В тот вечер панна Валентина накрошила воробьям двойную порцию хлеба. Убедившись, что поблизости никого нет, она оперлась на подоконник и запела, фальшивя:
Расскажите вы ей, цветы мои,
Как от любви я страдаю…
Относилось ли
Пение, напоминавшее скорее кашель, чем излияния влюбленной души, поразительно не гармонировало с настроением окружающих. Хозяин дома, прежде такой веселый, был печален; самая жизнерадостная из домочадцев, Анелька, тоже грустила: зато та, чьи уста до сих пор раскрывались лишь для резких замечаний да наставлений, пела. Из этого видно, что в мире радость никогда не умирает. Погаснув в одном сердце, она вспыхивает в другом.
Глава шестая
Было воскресенье. Над дорогой, обычно почти безлюдной, клубилась пыль, поднятая множеством телег и ногами набожных прихожан, шедших домой из костела. Временами нельзя было различить ничего, кроме серого неба да белесого тумана, который поднимался вверх, как дым пожарищ. Когда же пыль относило ветром в сторону, на дороге виден был длинный ряд повозок, телег, пешеходов. Порой на зеленом фоне полей мелькала белая лошадь, или чья-то плахта белела среди темно-коричневых сермяг, или алым пятном горел бабий платок рядом с темно-синим сюртуком. И эта живая цепь все время двигалась. Где вилась она змеей, где была прямая как стрела, а где рассыпалась в беспорядке на отдельные звенья и, наконец, впадала в образовавшийся на дороге затор, как ручей впадает в пруд. В этом месте уже не видно было красок окружающей природы — только желтела солома, серели доски телег да сливались в пеструю массу коричневые сукманы, желтые шляпы, женские платки и юбки ярчайших цветов.

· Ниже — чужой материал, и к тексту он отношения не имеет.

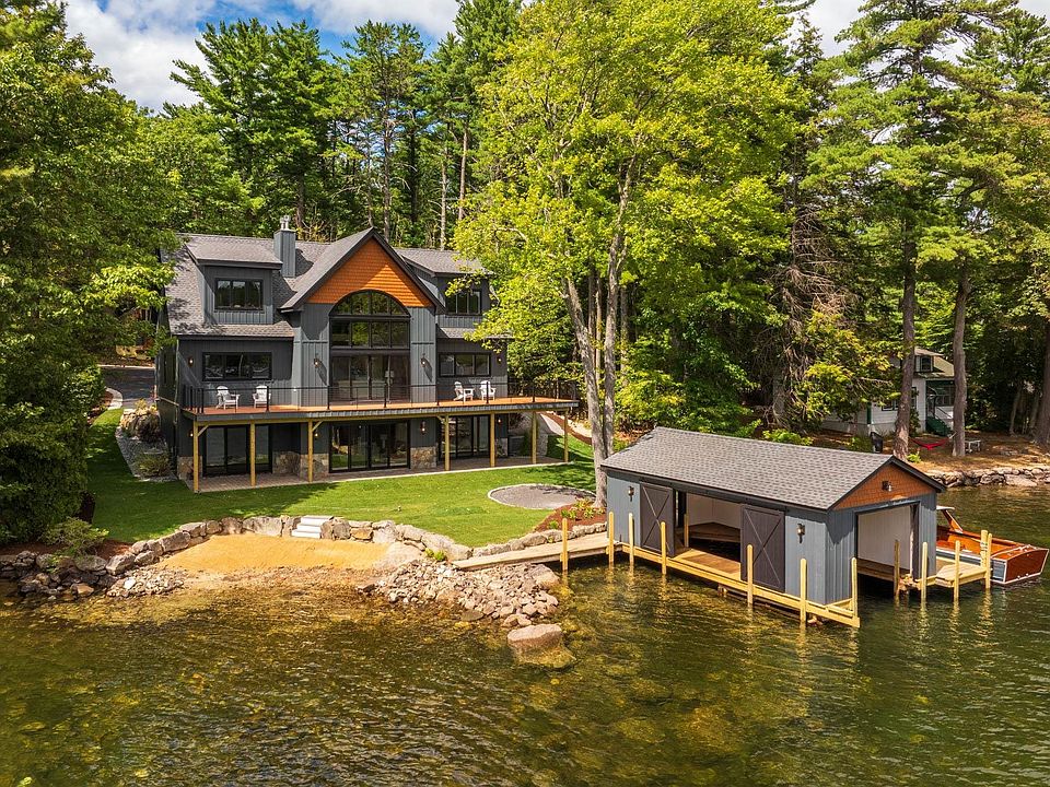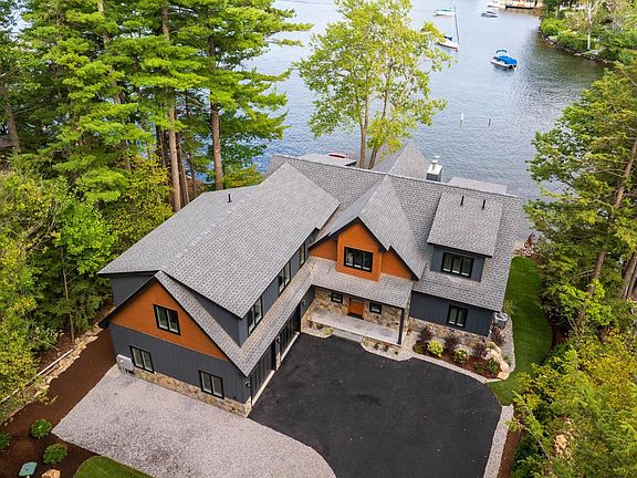NEW CONSTRUCTION on LAKE WINNIPESAUKEE with sweeping views looking out over Smith Cove and the Broads beyond! Thoughtfully designed and custom-built to check all the boxes - 6 bedrooms to include 5 king suites (one of which is a first-floor primary) and a massive bunk room! There are 5 full and 2 half baths, along with approx 5,165sqft of elevated living spaces! The kitchen showcases custom cabinetry, quartz countertops, Sub-Zero and Wolf appliances, and panoramic lake views—flowing seamlessly into the dramatic two-story great room where floor-to-ceiling windows frame the water, and a soaring stone fireplace creates a warm and inviting focal point. Additional highlights include a walkout lower-level with a guest suite, private office, stylish bar and wine cellar! Enjoy two laundry rooms, large mudroom, and an oversized garage prepped for heat! Only premium materials were utilized- Marvin windows, Everlast and cedar siding, Boston blend stone, custom doors, high efficiency systems, spray foam insulation, and designer-selected fixtures. Enjoy 1,500sqft of decking, porch and patio, a firepit area, extra parking and grassy areas for the kids! A beautiful beach and a no wake zone ensure safe swimming, kayaking and paddle boarding! The boathouse offers docking in and out for up to three boats, oversized barn doors on three sides, and a combo of nickel gap and pine finishes inside! LOCATION- 5 minutes to the Pavillion, 20 min to Rte 93 in Tilton, and 60 min to Rte 95 in Portsmouth!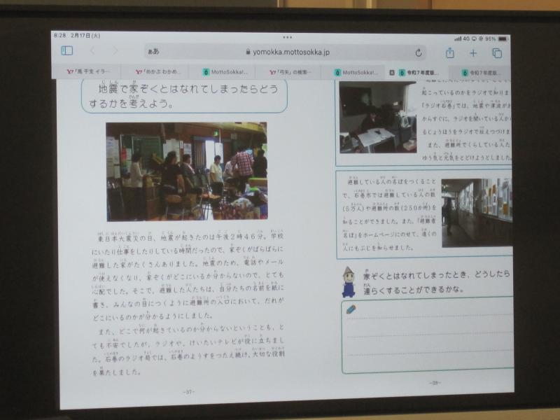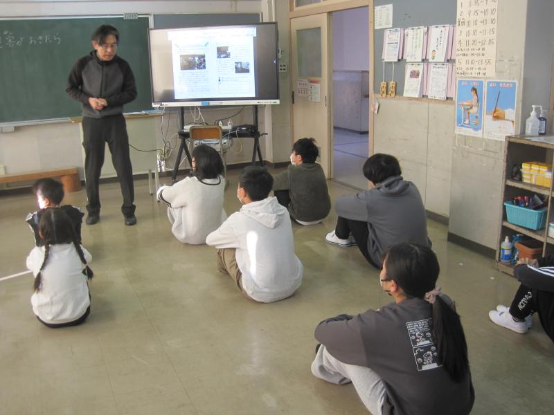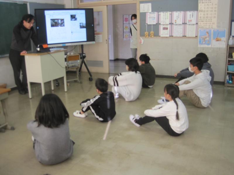 スポーツタイムで、「牡鹿音頭」に挑戦してみました。動画をお手本に、見よう見まねでまずは体験。その後、ストレッチで寒さで縮こまった体を伸ばしました。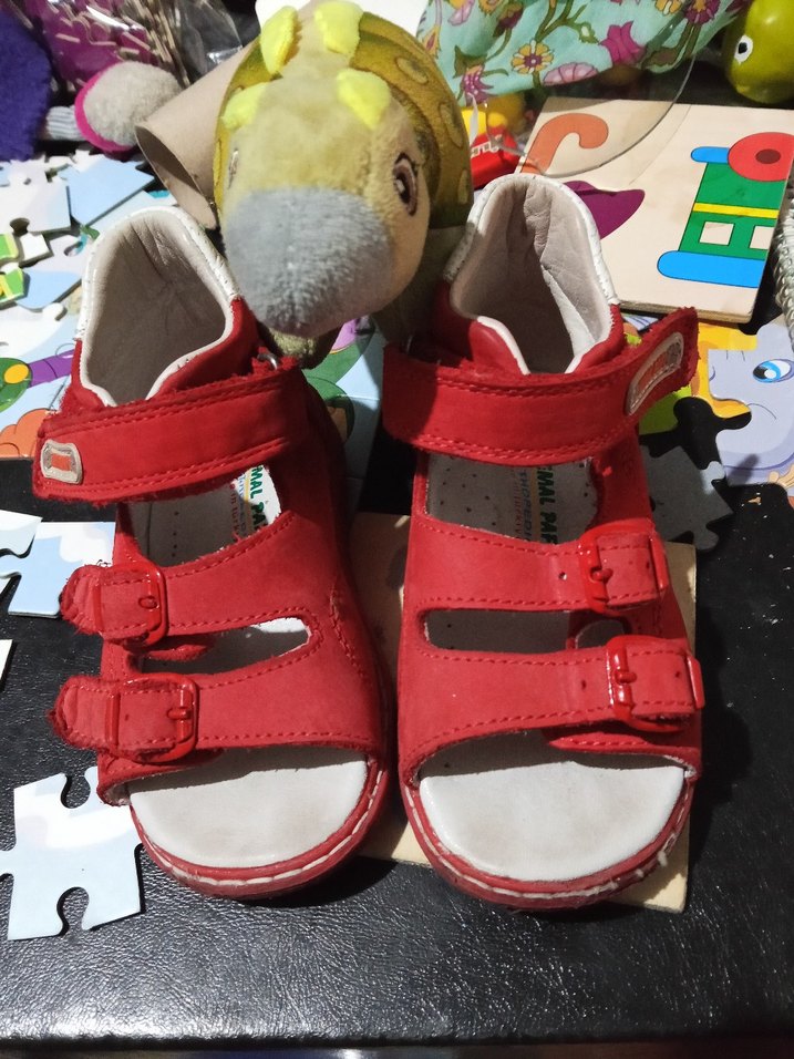 Kemerli, kırmızı renkte, lastik tabanlı erkek çocuk ilk adım ayakkabısı. Modaya uygun ve özgün bir tasarıma sahip.

Ветер разносил далеко стук колес, крики мужчин, визгливые голоса женщин, конское ржанье. Толчея эта происходила около большого белого строения с гонтовой крышей. Навес над входом поддерживали четыре довольно массивных столба, суженные кверху и книзу, а посредине — бочкообразные. Это была корчма, которую арендовал Шмуль, и здесь люди подкреплялись на обратном пути из костела.

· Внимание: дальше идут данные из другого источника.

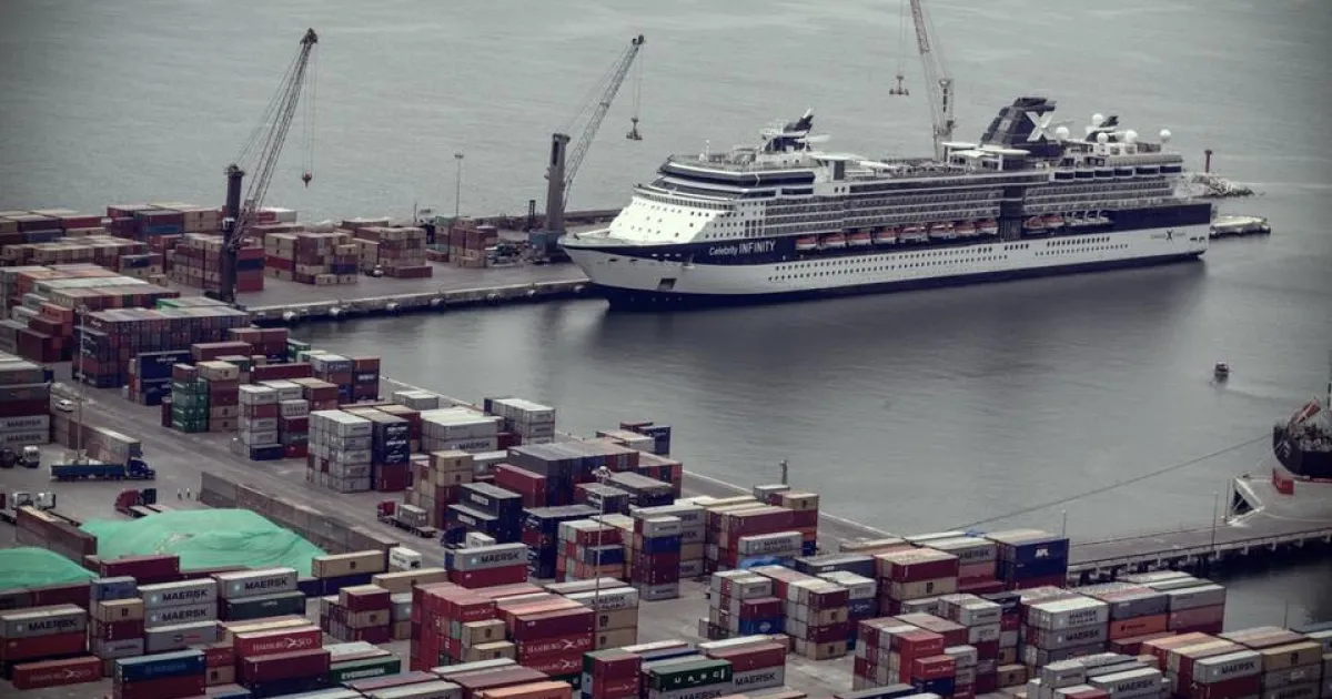 Celebrity cruise ship docked at the port of Arica, Chile

У корчмы телеги стояли вплотную, так что задевали друг друга осями, и дышла одних втыкались в решетки других. Лошади, у которых к мордам были подвешены торбы с сечкой, изгибали шеи и, нетерпеливо двигая губами, тщетно силились дотянуться до корма и утолить голод. Те, которым больше повезло, совали морды в стоявшие перед ними возы и с наслаждением жевали чужое сено. Один гнедой мерин с облезлой спиной хотел последовать их примеру и, соблазненный запахом сена, все время пытался повернуть голову к стоявшей сбоку повозке. Но мерин этот, кривой на левый глаз, тыкался не в сено, а в морду сердитой лошаденке, и та визгливо ржала, прижав уши, и кусала бедного инвалида.
В довершение всего голодных и раздраженных лошадей атаковал рой мух. Надоедливые насекомые облепили им веки, морды, ноздри, и несчастные жертвы все время трясли голосами, били копытами в землю и хвостами отгоняли мух, что им, однако, плохо удавалось. Только привязанный впереди всех мерин, у которого от старости под глазами образовались глубокие впадины, а от тяжких трудов облезли бока и дугою согнулись передние ноги, стоял смирно, как будто дремал. Быть может, снились старику ясли, полные чистого овса, или то счастливое, быстро пролетевшее время, когда он жеребенком бегал на воле по сочной траве выгона и ластился к молодым кобылам, к которым он — увы! — в зрелом возрасте утратил всякий интерес.
В сенях и корчме полно было людей. Несколько девушек, выглядывая из дверей, пересмеивались и заигрывали с парнями, стоявшими снаружи, а те хватали их за руки и пытались вытащить из корчмы, подальше от бдительного ока матерей. Справа, у печи, разместились на лавке и стояли вокруг бабы. Слева и напротив входной двери за длинными столами сидели на скамьях мужчины. Между ними затесалась только одна женщина, вызвав этим дружное возмущение всех остальных, — разбитная, крикливая солдатка.
И посреди комнаты, где сесть было негде, тоже толпились люди, а в правом углу, за барьером, находилась буфетная стойка. Тут девушка-полька разливала водку, а жена Шмуля в черном атласном, но сильно заношенном платье подсчитывала, сколько с кого следует.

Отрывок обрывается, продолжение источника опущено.